Девушка неуверенно кивнула — сахар смущал. Подумала и решила:
— Один кусочек возьму.
Васнецов усмехнулся, отворачиваясь: дитя просто, и взгляд дитячий, и сама цыпленок. Разведка, блин!
Закурил и услышал, как братва не таясь Сереге Ерофееву жалится:
— Не, ну представляешь?! Бабу к нам начальством!…
— Да нормальная она, хорошая девчонка. Мы с ней вместе из госпиталя возвращались…
— Не, ты сюда слушай — мы разведка, да? А нам ясельную группу, как нянькам. А мы няньки? У Васильича вона пять «языков» на счету, у меня восемь, у Гришки двенадцать! А нам, как зелени, как первогодкам каким-то! Умыли! А за что?!
Васнецов на девушку покосился — та усиленно чай пила, делая вид, что не слышит громкий разговор возмущенных разведчиков. Лицо замкнутое, только пятнами шло.
Выдержка есть — хорошо.
Ночью Лена долго заснуть не могла — неудобно на голом, неровном полу и холодно жуть, шинель не больно спасает, если на ней лежишь, ею и укрываешься. Да и шепот за «занавеской» мешал. Гудели мужики, решали, как Лену выжить.
— Чего вы, не пойму? — влез Абрек. — Красивая девушка, гордится надо, командир такой, цветы носить.
— Я б носил, если она не моим командиром была, — признался Суслов.
— Чем гордиться-то Абрек, ты головой думай, да, верхней! За «языком» пойдем, на боевое — ты как с ней будешь? Много баба понимает?
— Да чего говорить? Весь батальон гогочет — пофартило, говорят, вам славяне, девка теперь командует. Стыдоба!
— Гриш, ты чего молчишь?
— Горячку не порите, вот мое слово.
— Ты чего? Втюрился, что ли?
— Дурак ты, Суслик. Спи давай, малолетка озабоченная.
— Поспишь тут. Я вот выйти из блиндажа боюсь — ржут ведь «кони» всем составом.
— Поржут и перестанут.
— Нет, ну какой идиот девчонку командиром разведки поставил?!
— Саня, спи!
— Да не могу я! Переворачивает всего! Почему я эту пигалицу слушать должен?! Нет, Гриш, объясни!
— На боевое сходим, там посмотрим.
— Да не пойду я с ней на боевое! Меня мама домой ждет! Я с таким командиром хрен домой вернусь!
— Тьфу на тебя, полудурок! Чего городишь?
— Спите вы!
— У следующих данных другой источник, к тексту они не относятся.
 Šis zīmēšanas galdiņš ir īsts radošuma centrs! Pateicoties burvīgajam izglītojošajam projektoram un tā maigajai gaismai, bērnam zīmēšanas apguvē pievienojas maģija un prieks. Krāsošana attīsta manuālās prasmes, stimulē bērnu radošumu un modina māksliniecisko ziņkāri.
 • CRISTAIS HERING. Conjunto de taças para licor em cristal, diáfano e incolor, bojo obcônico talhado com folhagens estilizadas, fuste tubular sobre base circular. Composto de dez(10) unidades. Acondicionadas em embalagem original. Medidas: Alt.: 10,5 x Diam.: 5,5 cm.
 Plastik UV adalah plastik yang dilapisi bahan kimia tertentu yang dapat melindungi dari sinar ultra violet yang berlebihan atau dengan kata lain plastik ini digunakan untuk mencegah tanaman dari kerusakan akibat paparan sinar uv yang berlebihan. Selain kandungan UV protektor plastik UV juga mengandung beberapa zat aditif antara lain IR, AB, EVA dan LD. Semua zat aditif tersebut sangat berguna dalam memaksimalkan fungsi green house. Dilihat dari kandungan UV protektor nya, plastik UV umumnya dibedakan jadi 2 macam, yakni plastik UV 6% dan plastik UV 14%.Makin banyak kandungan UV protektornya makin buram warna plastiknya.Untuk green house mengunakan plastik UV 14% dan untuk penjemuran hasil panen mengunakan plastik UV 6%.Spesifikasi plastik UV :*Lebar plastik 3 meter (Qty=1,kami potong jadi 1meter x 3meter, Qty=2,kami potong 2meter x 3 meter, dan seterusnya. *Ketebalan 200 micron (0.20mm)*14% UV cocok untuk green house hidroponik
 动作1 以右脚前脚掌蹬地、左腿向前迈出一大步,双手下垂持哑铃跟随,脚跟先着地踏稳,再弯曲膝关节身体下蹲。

Дня мало разбираться?!
Стихло потихоньку и, Лена задремала, решив даже не думать о происходящем. Перетолчется, ничего, — уверила себя. А в животе все равно от страха холодно было.
— Нет!! — пролетело по блиндажу в темноте.
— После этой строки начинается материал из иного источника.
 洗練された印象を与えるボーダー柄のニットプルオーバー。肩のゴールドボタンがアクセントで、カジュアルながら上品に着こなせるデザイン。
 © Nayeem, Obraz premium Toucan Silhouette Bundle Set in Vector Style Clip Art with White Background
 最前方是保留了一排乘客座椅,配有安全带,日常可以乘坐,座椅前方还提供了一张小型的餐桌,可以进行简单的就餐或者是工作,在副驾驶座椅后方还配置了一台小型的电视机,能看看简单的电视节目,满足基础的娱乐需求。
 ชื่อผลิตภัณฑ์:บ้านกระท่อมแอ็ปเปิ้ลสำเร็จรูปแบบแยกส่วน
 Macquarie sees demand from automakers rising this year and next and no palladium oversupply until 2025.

Чаров с Палий сели, спросонья таращась друг на друга:
— Чего это? Чего?!
Гришка лицо потер, пытаясь сообразить: послышалось что ли?
И опять:
— Нет!… Уходите!…
И дошло, за плащ — палаткой выкрикивают.
— Это она что ли? — перекосило Саню. Славка взвыл:
— Ой, ее, она еще и орет по ночам! Не, ну на хрена козе баян? Как хотите братва, а так не играю — наф-наф девушку, — взбил вещ мешок, под голову сунул, лег, шинель на голову натянул.
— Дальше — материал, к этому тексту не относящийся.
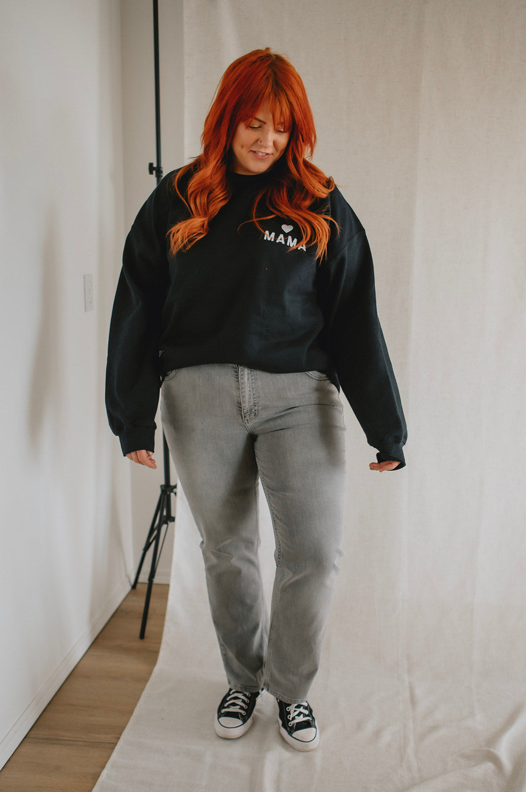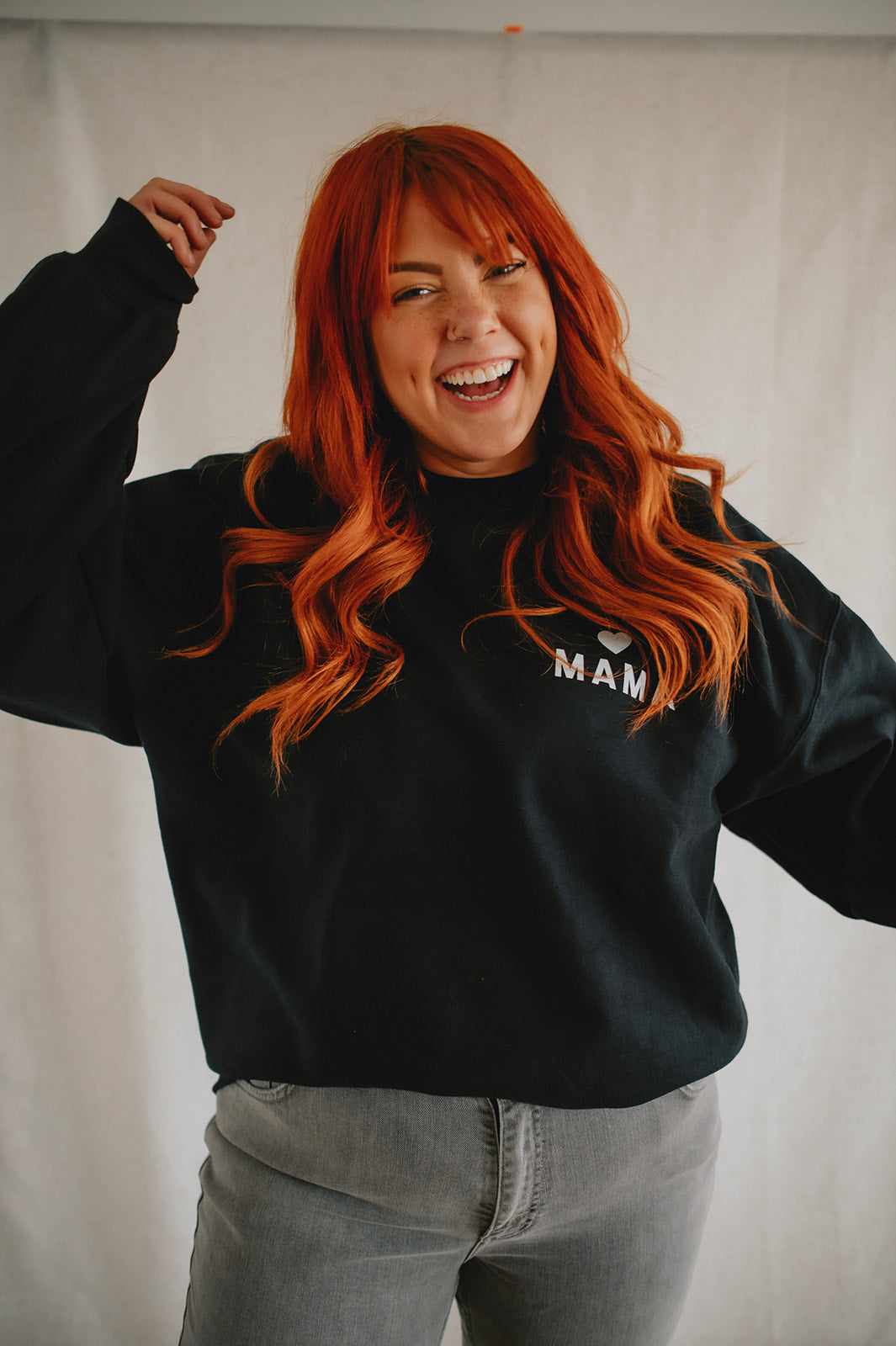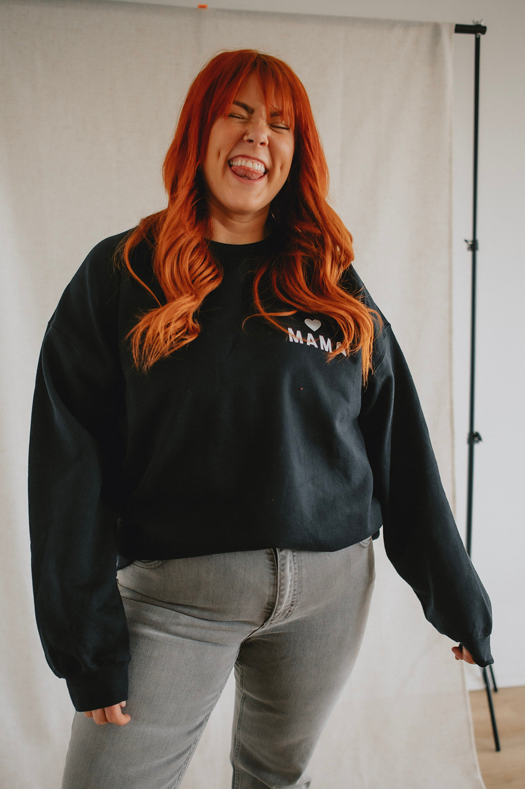 Calling all sweatshirt lovers! This heavyweight crew neck sweatshirt has a classic cut with long sleeves and a perfect relaxed/unisex feel. Finished off with the cutest Mama and heart graphic on the chest, this is a great gift for a Mama in your life or for yourself!

Вроде тихо стало, а за занавеской все едино то стоны то шепот, то жалкий, то зовущий — засни так.
Васнецов не выдержал, слушал, слушал и встал. Взял огонек в гильзе, палатку отогнул, покашлял, предупреждая — тихо. Заглянул, а девушка на полу на шинели лежит, в обмундировании даже сапоги не сняла. Разметалась — русалочка просто.
Только видны у «русалочки» в расстегнутый ворот гимнастерки и исподнего лиловые свежие рубцы на грудине ближе к шее.
Перекосило Гришу от них, и ни злости на девушку, ни обиды, а вот на себя образовалось — много.
Вернулся, свою шинель взял, сходил, укрыл осторожно девушку. Лег.
— Ты чего? Ополоумел? — зашипел на него Саня Чаров.
— Молкни. Спать!
— Ну, Гриша! — возмутился тот, но замолк.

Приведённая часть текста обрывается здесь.